SOLUTION

Set the hypothesis:

• Null hypothesis: The proportion of rookies, veterans, and All-Stars is 30%, 60% and 10%, respectively.
• Alternative hypothesis: At least one of the proportions in the null hypothesis is false.

I will conduct a chi-square goodness of fit test of the null hypothesis.

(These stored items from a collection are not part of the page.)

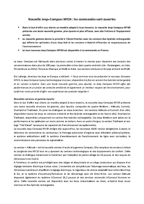 La nouvelle gamme donne la priorité à l'électrification avec les versions 4xe hybride rechargeable qui offrent les aptitudes d'une Jeep 4x4 et les versions e-Hybrid efficientes et respectueuses de l'environnement. Le tout nouveau Jeep Compass MY24 est disponible à la commande en France.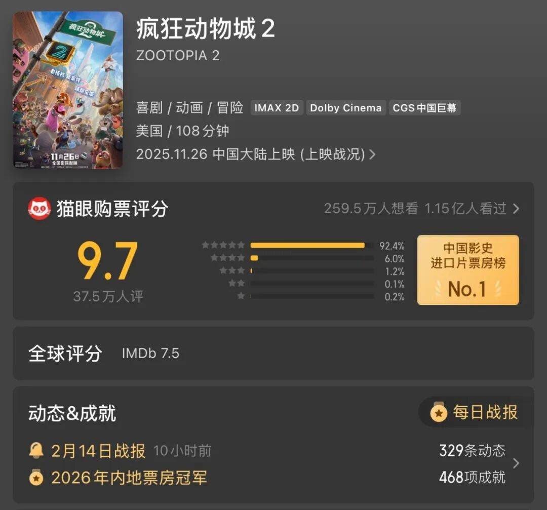 还是《疯狂动物城2》,它已经上映快三个月了。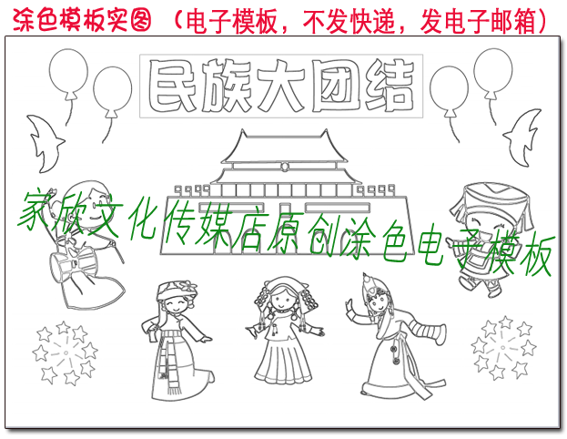 A3A4 8k4k National Large Solidarity Children's Painting Primary School Children's Kindergarten Black and White Line sketching Electronic Templates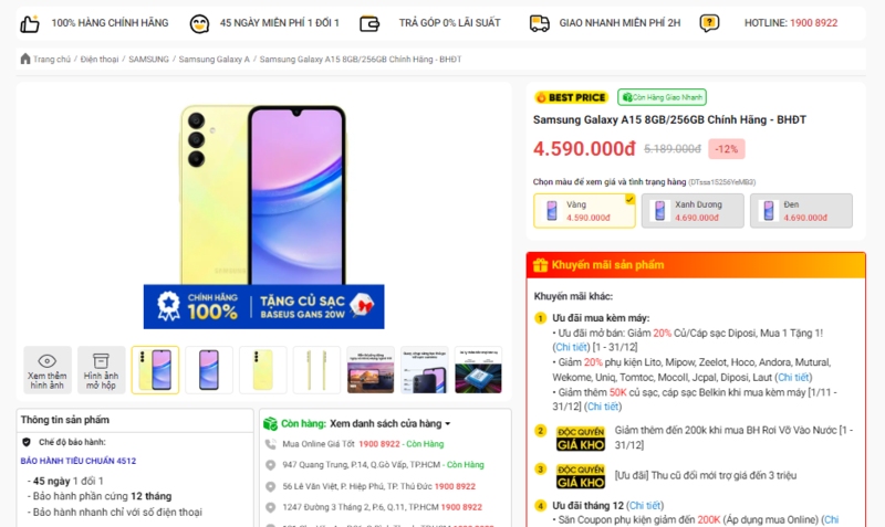 Trong khi đó, Samsung Galaxy A15 đang được bán với mức giá 4.590.000đ, là sự lựa chọn tiết kiệm hơn, nhưng vẫn sở hữu nhiều ưu điểm nổi bật như màn hình sắc nét và cấu hình ổn định.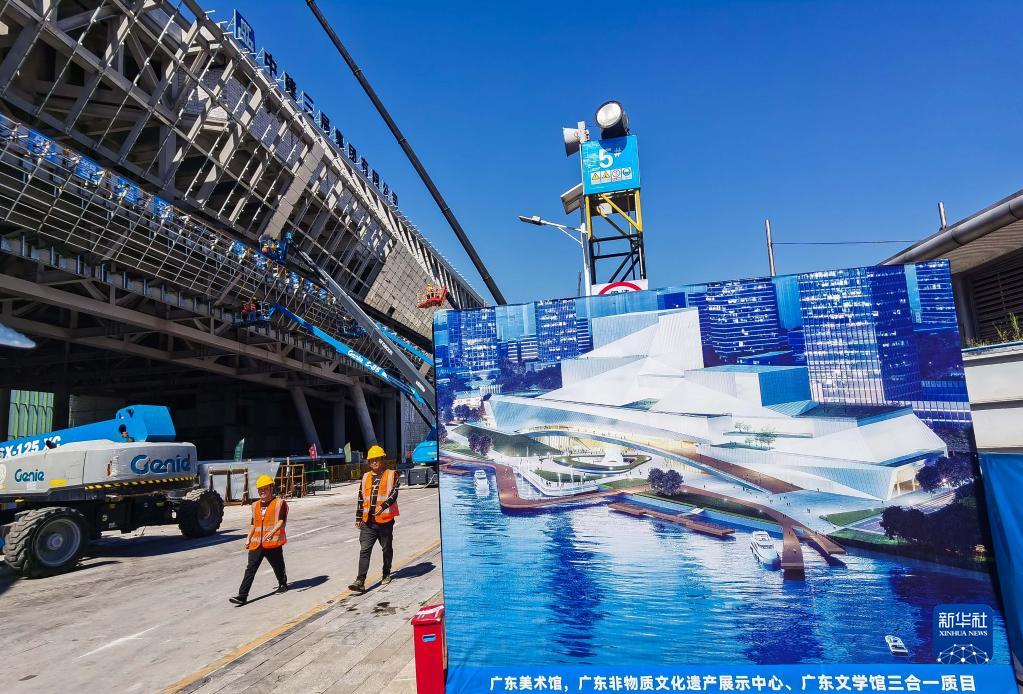 建設者從廣東美術館、廣東非物質文化遺產展示中心、廣東文學館“三館合一”項目效果圖旁經過(10月12日攝)。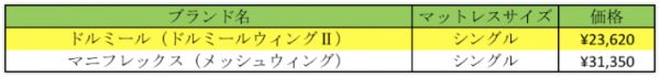 比較対象のモデルはドルミールウィングⅡで3つ折りタイプのものになります。マニフレックスは同じく3つ折りタイプのメッシュウィングを比較対象にしています。
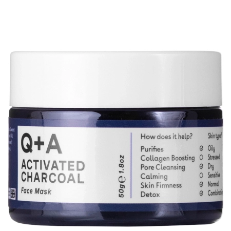 Q+A- Aktyvuota anglis - veido kaukė - valomoji aktyviosios anglies kaukė, kuri veiksmingai pašalina nešvarumų perteklių nuo odos paviršiaus. Ji padeda subalansuoti sebumo išsiskyrimo lygį ir atblokuoja riebalinių liaukų latakus. Pagrindinė sudedamoji dalis yra aktyvinta anglis, kuri labiausiai atsakinga už odos detoksikaciją. Bentonitas ir baltasis molis padeda detoksikacijai, o pridėtas aliejų mišinys: saldžiųjų migdolų, argano, saulėgrąžų ir taukmedžio sviestas skatina odos maitinimą ir regeneraciją.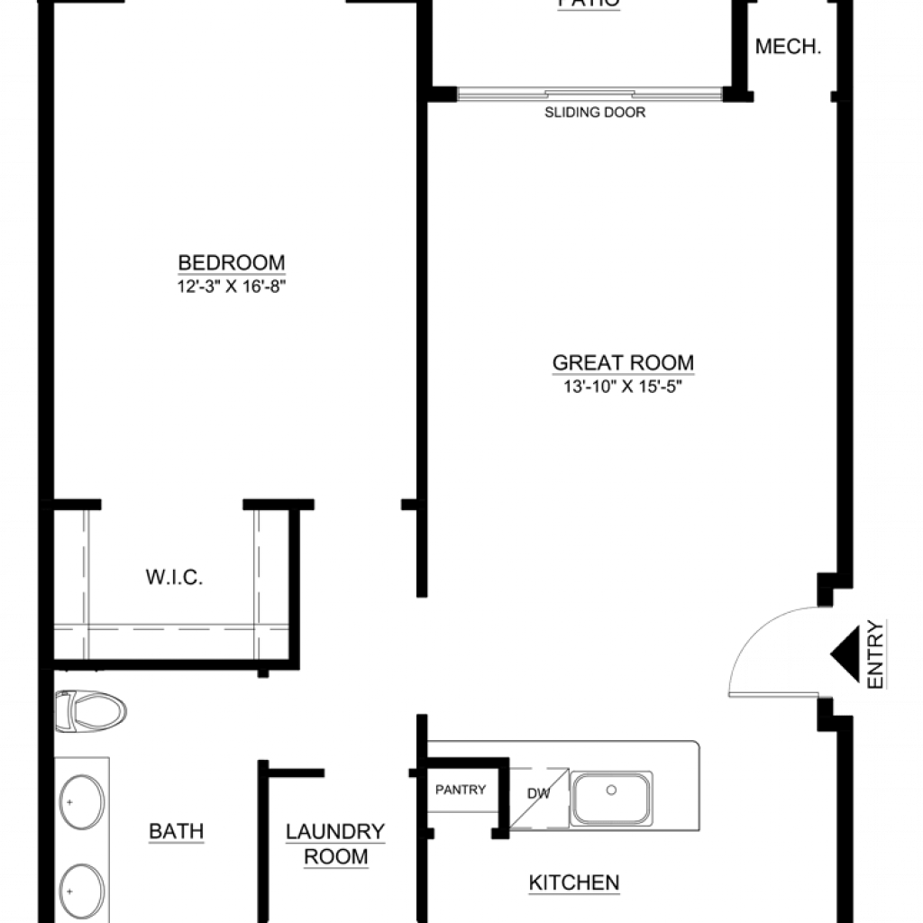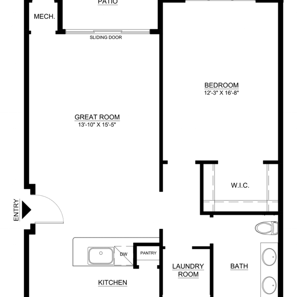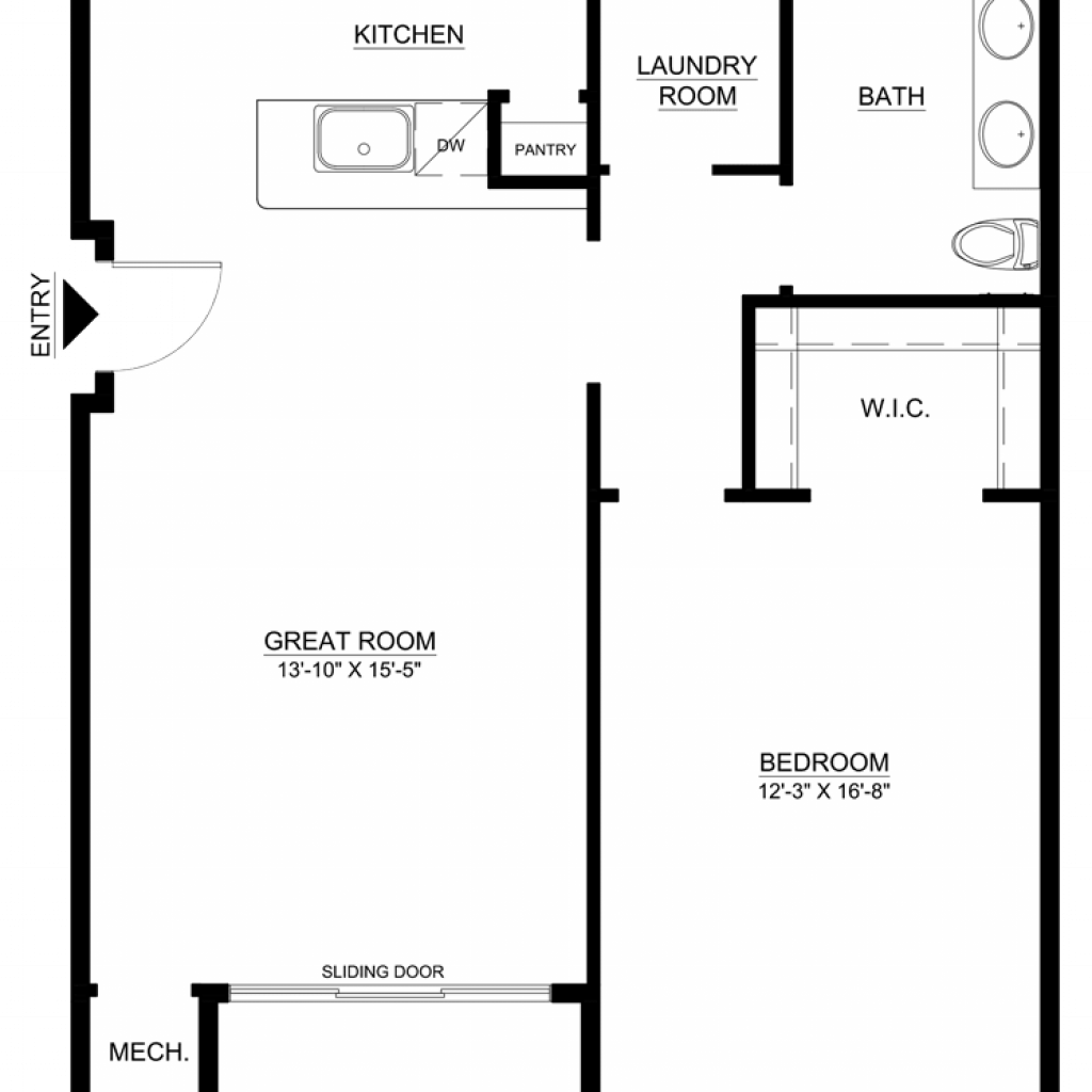 1 Bedroom, 1 Bath • 848 Sq. Ft.

Applying the chi-square goodness of fit test to sample data, we compute the degrees of freedom, the expected frequency counts, and the chi-square test statistic and the determine the p-value.

$DF=k-1=3-1=2(E_i)=n*p_i$

$E_1=100*0.30=30$

$E_2=100*0.60=60$

$E_3=100*0.10=10$

$X^2=\sum [\frac{(O_i -E_i)^2}{E_I}]$

$X^2=[\frac{(50 -30)^2}{30}]+[\frac{(45 -60)^2}{60}]+[\frac{(5 -10)^2}{10}]$

$=\frac{400}{30}+\frac{225}{60}+\frac{25}{10}$

$=13.33+3.75+2.50$

$=19.58$

The P-value is the probability that a chi-square statistic having 2 degrees of freedom is more extreme than 19.58.

We use the Chi-Square Distribution Calculator to find $P(X^2\gt 19.58)=0.00005592=0.0001$

ANSWER: Since the P-value (0.0001) is less than the significance level (0.05), we reject the null hypothesis.